'save' doesn't save the variables sometimes.

I am trying to run CCSM3 (Community Climate System Model) and have found that variables in one of its subroutines are not retained between calls while the word ‘save’ presents.

This word is present single after the declaration of all variables in the subroutine.
The problem was solved with adding ‘save’ to the declaration of variables which caused error messages.

I have found the following in the PGI Fortran reference
(http://www.pgroup.com/doc/pgf77_ref/f77ref04.htm#Heading121)

“SAVE may be used without a list, in which case all the allowable entities within the module are saved (this has the same effect as using the -Msave command-line option).”

How does the compiler define, which entity is allowable for saving and which is not?

Details:
Debian Linux with kernel 2.6.15.
The SMP computer with 4 AMD Opteron processors.
The compiler is PGI 6.1-2, 64 bit target on x86-64 Linux.

The full problem description is here:
http://bb.cgd.ucar.edu/showthread.php?p=793#post793

Hi Wladimir,

There’s a good chance this is the same compiler bug as TPR#3755 in which a few compiler generated temporary arrays representing the subscript bounds and multipliers were not being marked as SAVE’d. This bug was was fixed in the 6.1-4 release of the compiler. The bug only occured at “-O2” or higher, so compiling the offending source file at “-O1” should also work around the problem.

Of course, this could be something different, but if you could try compiling at “-O1” or install the latest release first, I would appreciate it.

Thanks,
Mat

Hi, Mat. Thank you for the answer.

Unfortunately I could not find the description of the bug TPR #3755 in the site.

My variables are timer numbers. They are used to estimate the total time, spent by different parts of the subroutine in calculations.

The timers are implemented as 3 global arrays with 200 cells each, allowing to keep 200 timers. The

timer_start

subroutine increments by 1 the respective cell of the array, storing number of calls, and puts current system time in another array, storing the latest start time. The

timer_stop

subroutine gets the current system time again, computes the difference between two system times (recently got and stored one) and adds this difference to the respective cell of the third global array.

The timer numbers were not saved, and timer_start and timer_stop subroutines complained about invalid timer numbers.

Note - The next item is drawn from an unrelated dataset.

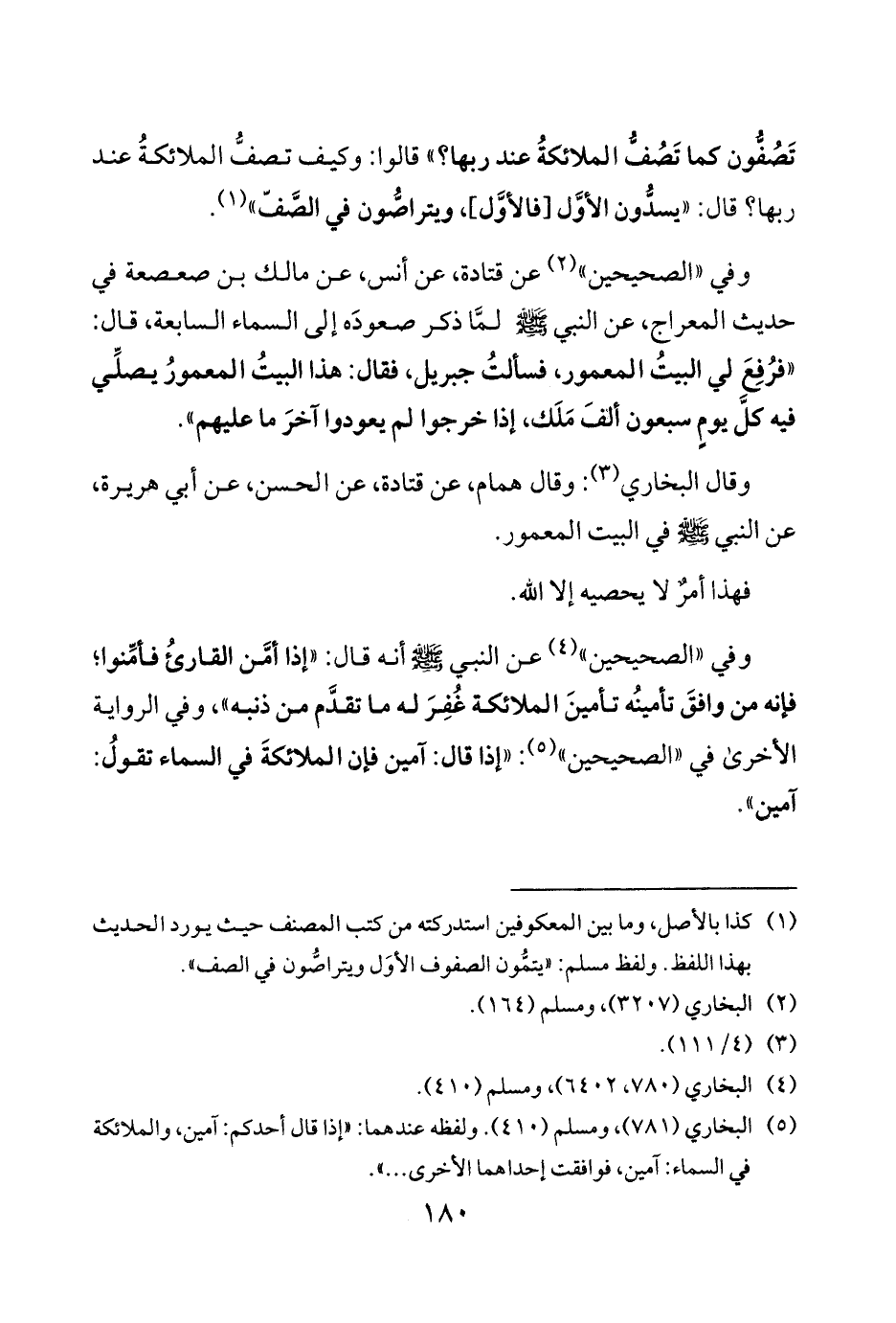 وفي الصحيحين 2 عن قتادة عن أنس عن مالك بن صعصعة في حديث المعراج عن النبي صلى الله عليه وسلم لمَّا ذكر صعودَه إلى السماء السابعة قال «فرُفِعَ لي البيتُ المعمور فسألتُ جبريل فقال هذا البيتُ المعمورُ يصلِّي فيه كلَّ يومٍ سبعون ألفَ مَلَك إذا خرجوا لم يعودوا آخرَ ما عليهم».

Here is the compilation line

mpif90  -I. -I/home/veremeev/include -I/home/veremeev/case1/lib/include -I/home/veremeev/include -I. -I/home/veremeev/case1/SourceMods/src.cpl -I/home/veremeev/ccsm3_0/models/cpl/cpl6 -I/home/veremeev/ccsm3_0/models/csm_share -I/home/veremeev/ccsm3_0/models/csm_share/shr -I/home/veremeev/ccsm3_0/models/csm_share/cpl -c -r8 -i4 -Kieee -Mrecursive -Mdalign -Mextend -Mfree  -DLINUX -DPGF90 -DNO_SHR_VMATH -DLINUX /home/veremeev/case1/SourceMods/src.cpl/flux_mod.F90

The are no “-O…” switches in the compiling line and no environment variables set. Therefore it should be -O1 by default.
Adding -O1 to the compiler switches didn’t help.
Moreover I would like to avoid changing the compilation options as the model documentation states this can corrupt the result.

How can I realize if it is free to upgrade the compiler?

Thanks

Hi Wladimir,

Since it still fails at “-O1”, then it’s unlikely the same issue as TPR#3755. However, you can still try upgrading to 6.1-4. Minor upgrades such as this are always free (you can download the latest release here) and major upgrades are included with an optional subscription.

I have access to CCSM3 and will try to recreate the problem here.

  • Mat

Thank you again.
Please, note also, this error appeared when I used MPICH-2 (the latest version 1.0.3).
It has appeared with dead and with active components.

There were no such errors, when I run dead components with MPICH-1.

The timer library is shared among all components (ccsm3/models/csm_share/shr_timer_mod.F90), dead and active ones.
I also have somewhat shortened the subroutine names.
Actually they are ‘shr_timer_start’ and ‘shr_timer_stop’.

The compiler upgrade to 6.1-4 didn’t resolve the problem, the variables are still not saved.